Sound familiar? It's pretty much the same guy we saw in Power Play, a 2021 book on Musk's Tesla by Wall Street Journal tech reporter Tim Higgins, which still counts as the most unvarnished portrayal to hit bookshelves. "While Musk's vision, enthusiasm and determination carry Tesla," Higgins wrote, "his ego, paranoia and pettiness threaten to undo it all."
As does his insistence on a stainless-steel truck that looks, in the words of one car designer, like a "low-polygon joke."
(Don't) Keep on Truckin'
The Cybertruck wouldn't be such a problem for Tesla if it was just the CEO's vanity project. But the R&D costs are likely to be extraordinary, experts say — enough to require 300,000 sales a year just to break even. That "inherently high-cost product" presents a "tough challenge," analyst Ed Kim of market research firm AutoPacific told Wired last year. "Vehicles that sell in volume tend to be much more palatable to mainstream tastes." The mere 3,800 Cybertruck sales so far, or less than 1,000 a month, would seem to bear that out.

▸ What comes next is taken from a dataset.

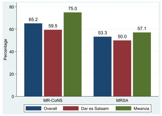 Finally, we would like to acknowledge as a limitation the fact that, for some isolates, there may be a lack of differences in antibiotic resistance between the two regions due to the small sample, such as, for example, in the resistance to ciprofloxacin, clindamycin, and nitrofurantoin for S. aureus isolated in Dar es Salaam, which occurred in only 16 cases (7, 5, and 7 cases, respectively), and for n = 14 in Mwanza (11, 10, and 1 cases, respectively). The comparison of these specific isolates does not include many people.
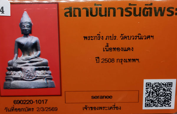 พระกริ่งภปร. วัดบวรนิเวศฯ เนื้อทองแดงรมดำ กริ่งดัง อปี2508 จ.กรงเทพฯ + บัตรG-pra สภาพสวยเดิมค่ะ สภาพตามรูปทุกประการค่ะ

But it's not as if Musk is the kind of guy who can backtrack when he has a bad idea. By all accounts, Tesla's gigafactories have been doubling down on Cybertruck production, all to meet the demand that the CEO insists is there. Musk has been firing off screed-filled emails about getting his Blade Runner-inspired vehicle machined with incredible accuracy down to the micron level, because soda cans and Lego bricks are made that way. (Of course, they're made out of aluminum and plastic, respectively, not the notoriously difficult stainless steel.)
So it is no exaggeration to say that Cybertruck sales are the battleground on which Tesla's entire future is being fought. And to quote the frustrated Musk seen in Power Play, "sales suck donkey dick." More than a million people paid a $100 deposit to get in line for a Cybertruck, but they're not converting into buyers yet. There are viral TikToks of Cybertrucks getting stuck in snow, of its windshield getting smashed by hail, of its software simply shutting down. Experts' concerns about the design and its safety in crash tests have gone unanswered.

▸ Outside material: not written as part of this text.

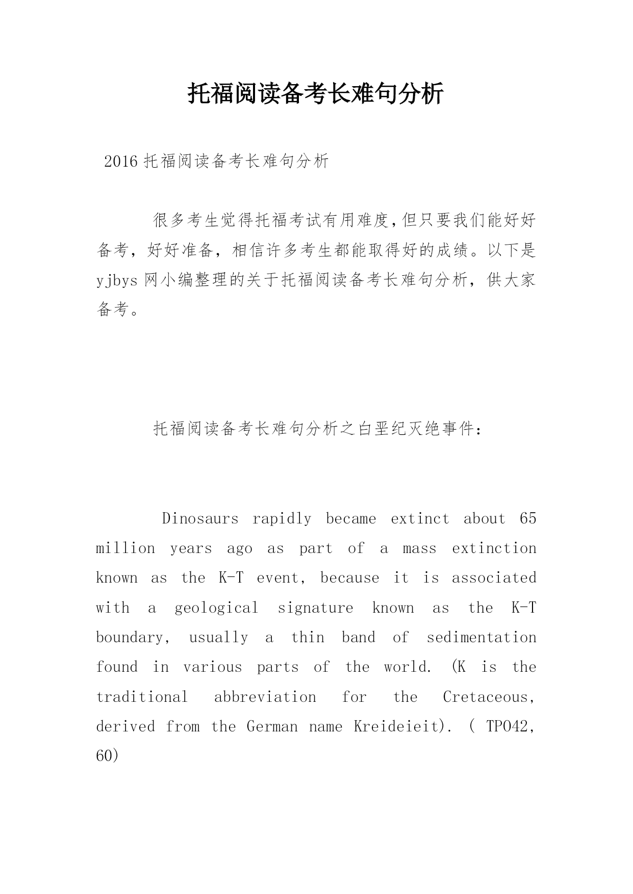 托福阅读备考长难句分析2016托福阅读备考长难句分析很多考生觉得托福考试有用难度,但只要我们能好好备考,好好准备,相信许多考生都能取得好的成绩。以下是yjbys网小编整理的关于托福阅读备考长难句分析,供大家备考。托福阅读备考长难句分析之白垩纪灭绝事件:Dinosaursrapidlybecameextinctabout65millionyearsagoaspartofamassextinctionknownastheK-Tevent,becauseitisassociatedwithageological

Good news, though: the report from one owner that taking it through a car wash turns the car into a software-less brick has not been replicated. Meanwhile, yes, there are spots that look like rust (actually iron deposits in debris picked up when you drive), but Tesla is at pains to point out that you can just get rid of them with isopropyl alcohol. So, just carry a few bottles of that while you drive around, buff it up every time you stop, and you're good to go in your blindingly shiny steel ride.

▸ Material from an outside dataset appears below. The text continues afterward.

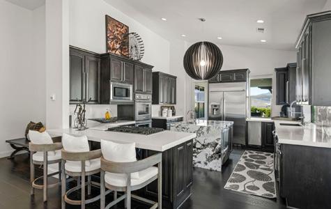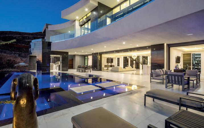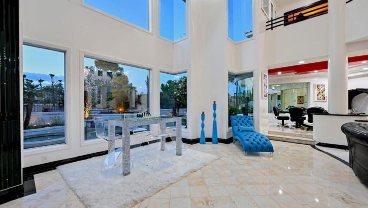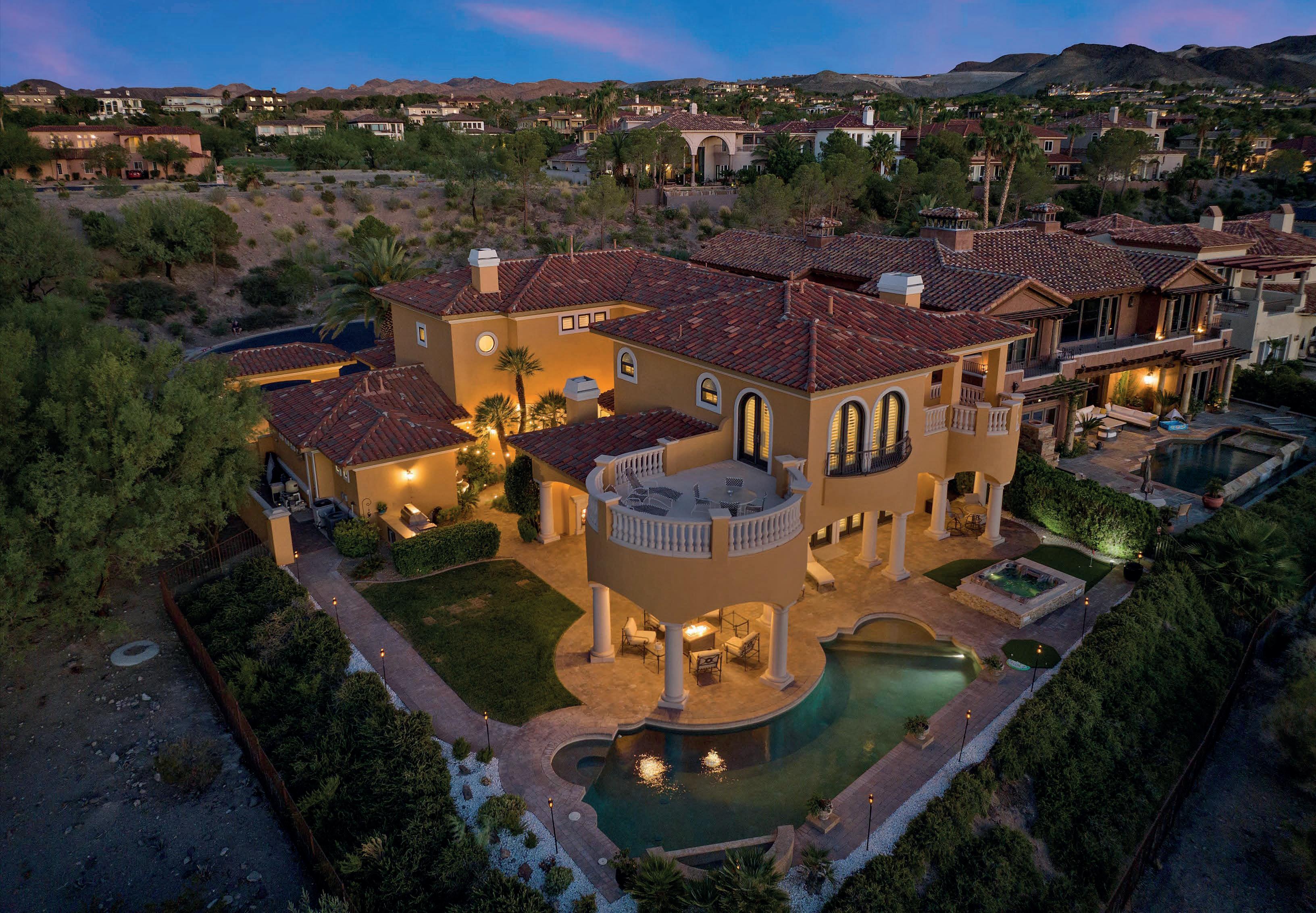 5 BD | 5 +2 BA | $3,799,000 | 7,795 SQ FT | ON ALMOST 1 ACRE | This 7,900 sq ft home offers 5 bedrooms, 5 ensuite bathrooms, and 2 half bathrooms, as well as a flex room that is perfect for a home fitness room, theater room or a child’s playroom. One of the bedrooms can be used as a home office. There are 2 primary bedrooms one on the 2nd level, as well as on the main. The downstairs open floor plan has a gorgeous formal dining area, a game room, kitchen, and living room and VIEWS of the Vegas Strip from every room!! The kitchen boasts a massive book-marked island, high end Viking Stainless steel appliances including 48-inch refrigerator, 48-inch oven with 8 gas burners, two dishwashers, dual sinks, European cabinets, walk in pantry and the 48-inch gorgeous blue vent hood to give it much character. This home is on almost an acre of land, so why spend your time inside when can enjoy resort-style living in your backyard oasis.

Are there enough Blade Runner-loving Musk fans in the world to help Tesla turn a profit on the Cybertruck yet? Perhaps. Then again, if the idea of an electric-powered massive hunk of metal with questionable environmental value was appealing, the Hummer EV wouldn't have been one of the worse-selling cars of last year.
More importantly, are there enough Tesla shareholders not blinded by Musk's one-man show? Can they, or anyone else, shock the EV maker's board out of its complacency? If not, then Tesla may have made itself many thousands of large, angular, steel headstones for its corporate grave.
This column reflects the opinion of the author.